“Liar, liar, pants on fire” is a commonly used phrase directed toward someone who is believed to be lying. The saying is part of a longer children’s rhyme that’s been around since around 1841 in some form. There are different opinions about what follows the “liar, liar” line, such as the Pinocchio imagery, “nose as long as a telephone wire” and “hang your pants on a telephone wire…while you’re there, cut your hair/ and stick it down your underwear.”
As early as the 1400’s, people would call out an untruthful person with the phrase, “liar, liar – lick dish,” the idea behind it being the person would lie as quickly as a dog would lick a dish.
The “liar, liar” phrase gained steam and staying power because generally speaking people do not like to be lied to. The ironic part of not being lied to is that even people who don’t like to be lied to tend to lie – because everyone lies. Recent studies show the average person will tell over 100,000 lies in his or her life time.

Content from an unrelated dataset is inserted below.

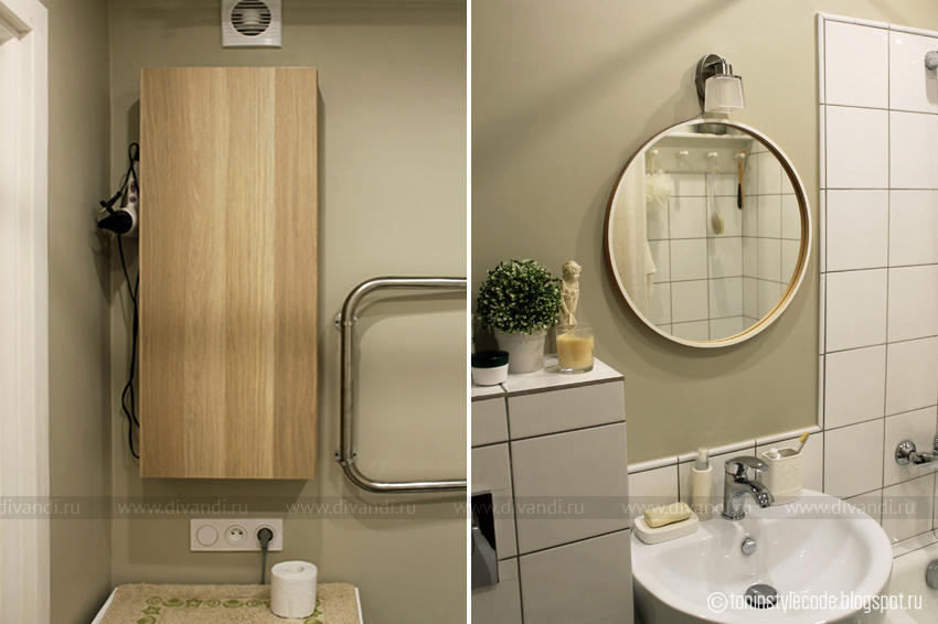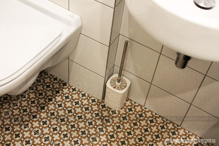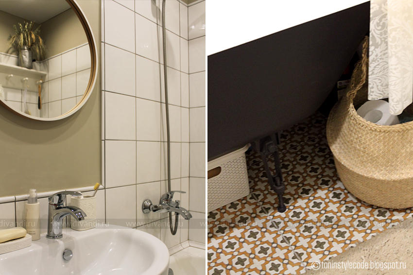Реализованный объект. Ванная комната площадью 3 м.кв. Классика стиля mid century - комбинация плитки и крашеных стен, пестрый орнамент на полу и светлые стены, чугунная ванная и деревянные акценты, простая геометрия в декоре - круги и квадраты. Экономичные решения без ущерба функции и эстетике.

Another irony in the “liar, liar” phrase is that not everything everyone says that turns out to be untrue is actually a lie. Sometimes people say things they mean when they say them but circumstances change and what was said that was meant turns out to be untrue.
This happened to a guy named Peter, who was one of Jesus’ early and closest followers. What he said (and meant) and then what happened when what he said turned out to be untrue was the focus of part 2 (Emphatic Declaration) of CCC’s Without a Doubt series.
Check out this part of Peter’s story in Mark 14:27-31, 66-72 and next step/consider the following questions about how what we say can be untrue but not really a lie.
- Would you describe yourself as an average person? Why or why not?
- Would you still describe yourself as an average person based on the stat that the average person lies 100,000 times in his or her life? Why or why not?
- Have you ever declared something emphatically which later changed based on circumstances?
- Why do you think Peter was so emphatic in his declaration he would never deny Jesus?
- How do you think you would have felt if you were Peter when Jesus predicted the 3 denials?
- Why do you think Peter increased the intensity of his emphatic declaration?
- Why was Peter not with Jesus after he was arrested?
- Why do you think Peter denied knowing Jesus?
- How might Peter have benefited from learning to “never say never”?
- Do you think Peter meant it when he said he would never deny Jesus? Why or why not?
- What role might doubt have played in Peter denying Jesus?
- In what ways have you learned to “never say never” about emphatic declarations – about God and life?
- What role does doubt play in your relationship with God?
- What next steps will you take for doubt to take you to a stronger confidence in what you believe?
We can genuinely believe what we say when we say it, but then circumstances can change rendering what we said and meant untrue (which is why we are encouraged to “never say never”). When circumstances change, doubt can creep in. And when doubt creeps in, we are left with a choice – we can either allow doubt to weaken or strengthen what we believe. Where does doubt take you?
Today is Monday – make it a day you say what you mean and mean what you say and then stay faithful 100% (a take from Horton the elephant) no matter the circumstances.